Refleksi : Kemungkinan selalu ada! Tetapi untuk kemungkinan menjadi kenyataan 
harus ada bukti. Buktinya bukan dari banyaknya mahasiswa atau diciptakan orang 
bergelar, melainkan dari banyaknya penyelidikan ilmiah dan banyak publikasi 
hasil-hasil penyelidikan tsb. Kalau cuma cetak gelar sampai dunia kiamat 2012 
atau sesudah tahun tsb tak akan ada kelas dunia, mimpin tetap mimpi.

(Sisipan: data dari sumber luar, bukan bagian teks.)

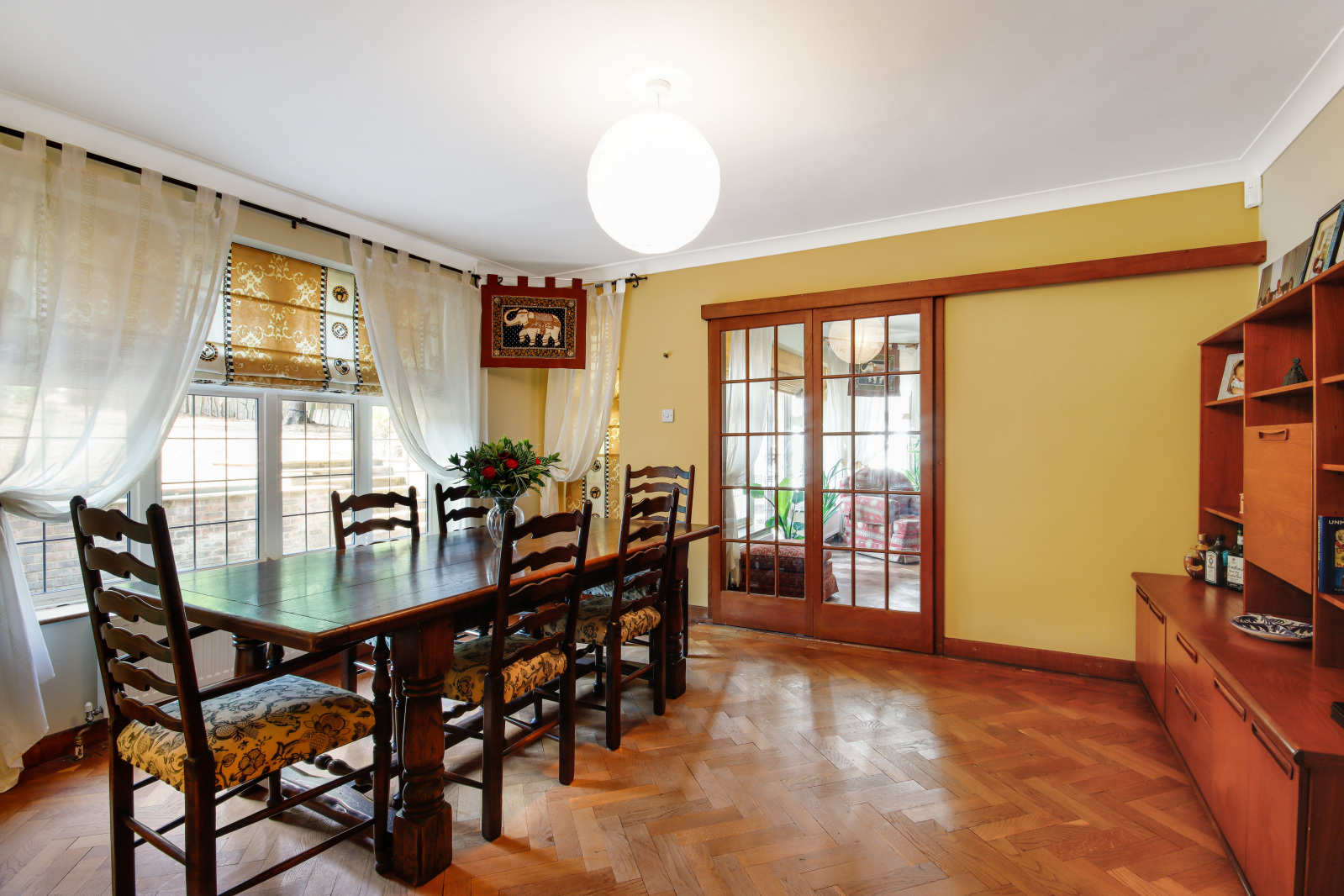 Dining Room 13'11" x 13'5" (4.24m x 4.1m). Double glazed window to rear. Double glazed leaded light effect window to side. Two sliding glass panelled doors leading to the sitting room. Herringbone flooring. Plain coved ceiling. Radiator.

http://www.sinarharapan.co.id/cetak/berita/read/pt-di-indonesia-jadi-universitas-kelas-dunia-mungkinkah/

Sabtu, 12 Desember 2009 12:28 
PT di Indonesia Jadi Universitas Kelas Dunia, Mungkinkah? 
OLEH: STEVANI ELISABETH



JAKARTA - Menyandang status world class university (universitas kelas dunia) 
memang menjadi impian perguruan tinggi (PT) di seluruh dunia, termasuk 
Indonesia.

     
Bahkan, beberapa PT terkemuka di Indonesia sudah mempunyai target untuk 
menyandang status tersebut. 
Mantan Wakil Rektor University of Hong Kong Prof Kai-Ming Cheng, dalam sebuah 
kesempatan pernah menjelaskan latar belakang yang ­sangat menarik tentang 
­pentingnya sebuah perguruan tinggi menjadi universitas kelas dunia. 
Menurutnya, kondisi dunia saat ini sedang menga­lami perubahan yang sangat 
besar, baik di bidang sosial, organisasi, model pekerjaan, dan perguruan tinggi 
banyak dipengaruhi oleh perubahan lingkungan eksternalnya. 

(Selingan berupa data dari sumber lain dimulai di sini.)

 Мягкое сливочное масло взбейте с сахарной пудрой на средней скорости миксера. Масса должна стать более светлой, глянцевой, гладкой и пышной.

Sekarang ini individu yang bekerja pada frontline (berhubungan langsung dengan 
masyarakat-red), lanjut Kai-Ming Cheng, tidak bisa survive apabila tidak 
mengikuti gerak perubahan, yaitu dapat bekerja dengan tim, tidak memiliki 
keterampilan berlapis, tidak mempunyai kepribadian yang bagus, tidak kreatif 
dan tidak berani mengambil risiko. 


"Di Hong Kong, akibat perubahan ini sedikitnya 300.000 orang per tahun menjadi 
penganggur. Pemerintah Hong Kong tidak punya cara lain kecuali mendongkrak 
pendidikan tingginya agar bisa menyesuaikan diri dengan perubahan-perubahan 
yang begitu cepat. Salah satunya dengan mendesain perguruan tinggi berkelas 
dunia," kata salah satu konseptor world class university di University of Hong 
Kong ini. 


Oleh sebab itu, pada tahun 1999-2000, pemerintah Hong Kong melakukan reformasi 
besar terhadap sistem dan paradigma pendidikan di Hong Kong. Berdasarkan Times 
Higher Education Supplement pada tahun 2007, dari seratus universitas terbaik 
di dunia, University of Hong Kong berada pada urutan 18 besar, berdekatan 
dengan Universitas Harvard, Yale, Oxford, Cambridge, dan Massachusetts 
Institute of Technology. 


Dalam rangka menuju universitas kelas dunia, harus ada empat hal dalam setiap 
satuan pendidikan tinggi yaitu reputasi internasional, prestasi penelitian, 
lulusan yang terkemuka, dan partisipasi internasional. "Kalau empat hal ini 
belum terpenuhi, jangan bermimpi menjadi universitas kelas dunia," tegas 
Kai-Ming. 


Tiga lembaga pemeringkat global yang menjadi rujukan untuk mengukur reputasi 
internasional yakni Times Higher Education Supplement, Shanghai Jio Tong World 
University Ranking, dan Webometrics Rangking of World Universities. 
Times Higher menggunakan komposisi penilaian dilihat dari reputasi akademik 
berdasarkan peer review (40 %), survei pengguna/employer review (10%), 
mahasiswa internasional (5%), international staff (5%), rasio mahasiswa:dosen 
(20%), dan rata-rata sitasi per dosen (20%). 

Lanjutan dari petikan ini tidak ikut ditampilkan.